The problem being misspelling, hence, "spell checker". Like, this seems pretty straightforward? Grammar checking if you cannot use the language properly is a pretty different problem space, and indeed has long existed and is exposed as a separate thing. And not just in fancy word processors either, if you go to something as simple as macOS TextEdit you'll see separate check boxes for "Check spelling as you type" vs "Check grammar with spelling". If someone wants to try out using LLMs for grammar no problem, but spell checking is purely about the mechanical and, importantly, deterministic aspect of typos or outright non-words.
>As the classic joke goes, "Me spell chucker work grate. Need grandma chicken."
There is a genuine touch of irony/meta in you using that here in this context. That sentence has no misspelled words, and importantly gets across the exact humorous meaning the human who wrote it intended. The joke literally only works because a human was able to make creative use of language. If you had an LLM agent posting for you to HN and it automatically changed that to:
>As the classic joke goes, "My spellchecker works great but could use some grammar checking."

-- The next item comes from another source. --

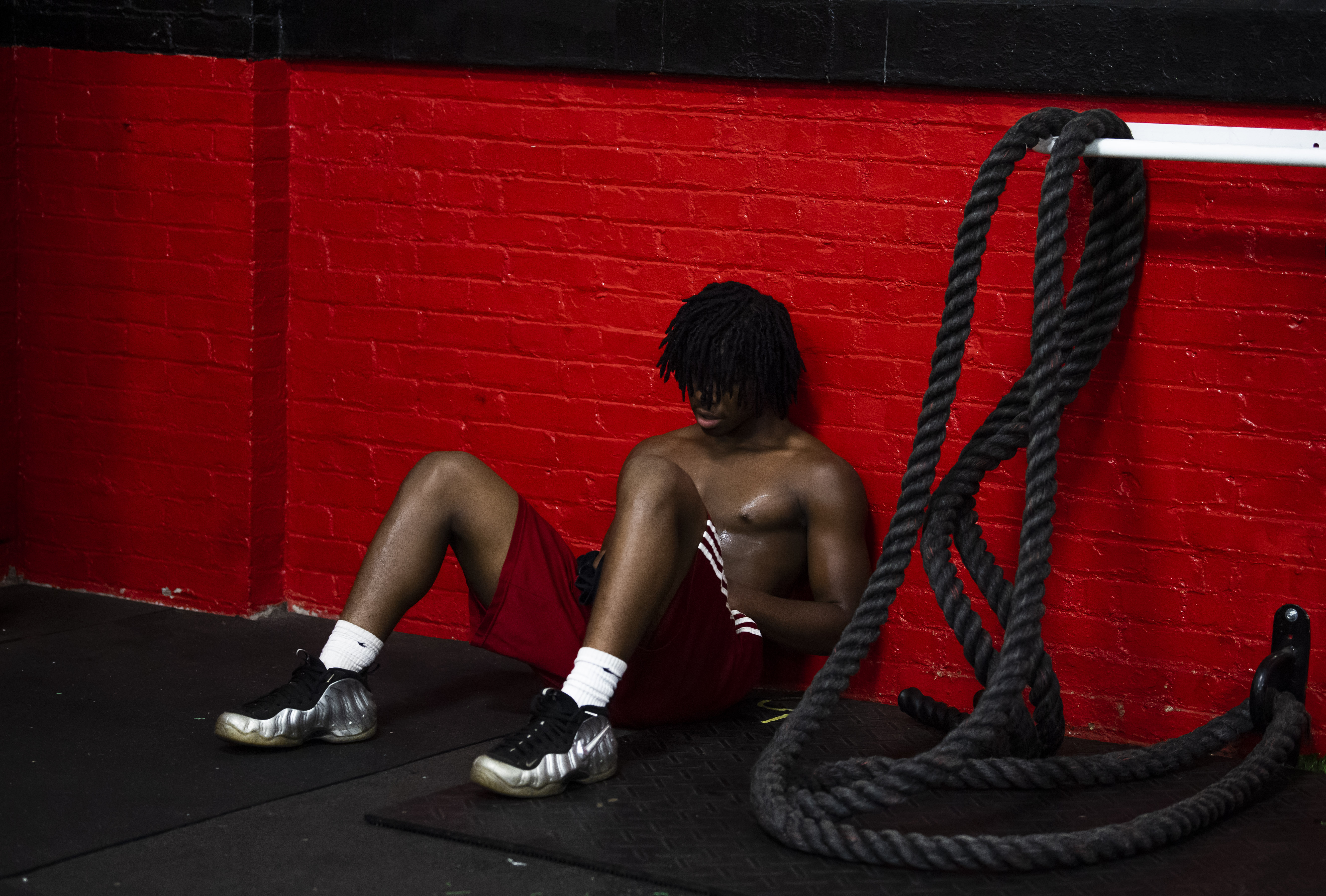 New Castle’s Malachi Sherman takes a break during a conditioning session on Monday, June 10, 2019, in “The Rack” at Taggart Stadium in New Castle. (Steph Chambers/Post-Gazette)

Well, where would the joke be now!? This goes to the exact concern people have with powerful non-deterministic meaning-changing tools replacing deterministic meaning-preserving ones.

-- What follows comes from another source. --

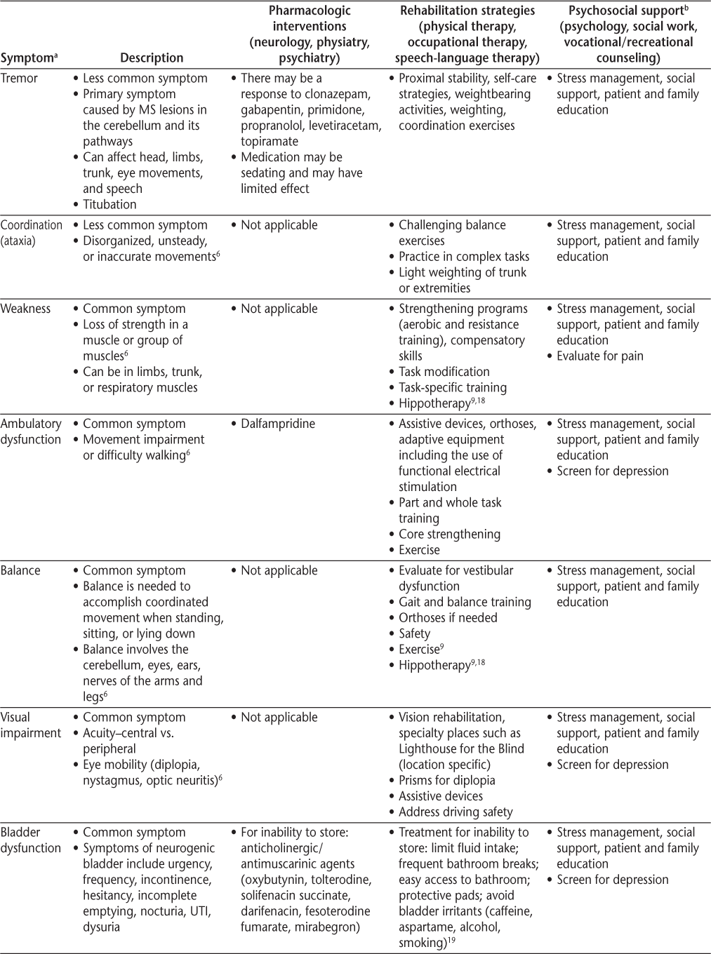Symptoms and recommended interventions for patients with multiple sclerosis3–7

I just fed this entire thread (excluding your comment pointing out the joke, and the text mentioning that it was a joke) to an LLM, and it did better than the dictionary spellchecker: corrected one real error, left my "squigglies" alone which was attacked by squigglies with the old-hat spellchecker, and specifically noted, without any prompting in that direction, that it left the joke spelling unchanged. It did not rewrite any sentences. I'm all for determinism where deterministic tools work, but the current implementations are so bad I can't blame people for turning to a non-deterministic program if it's still better on average.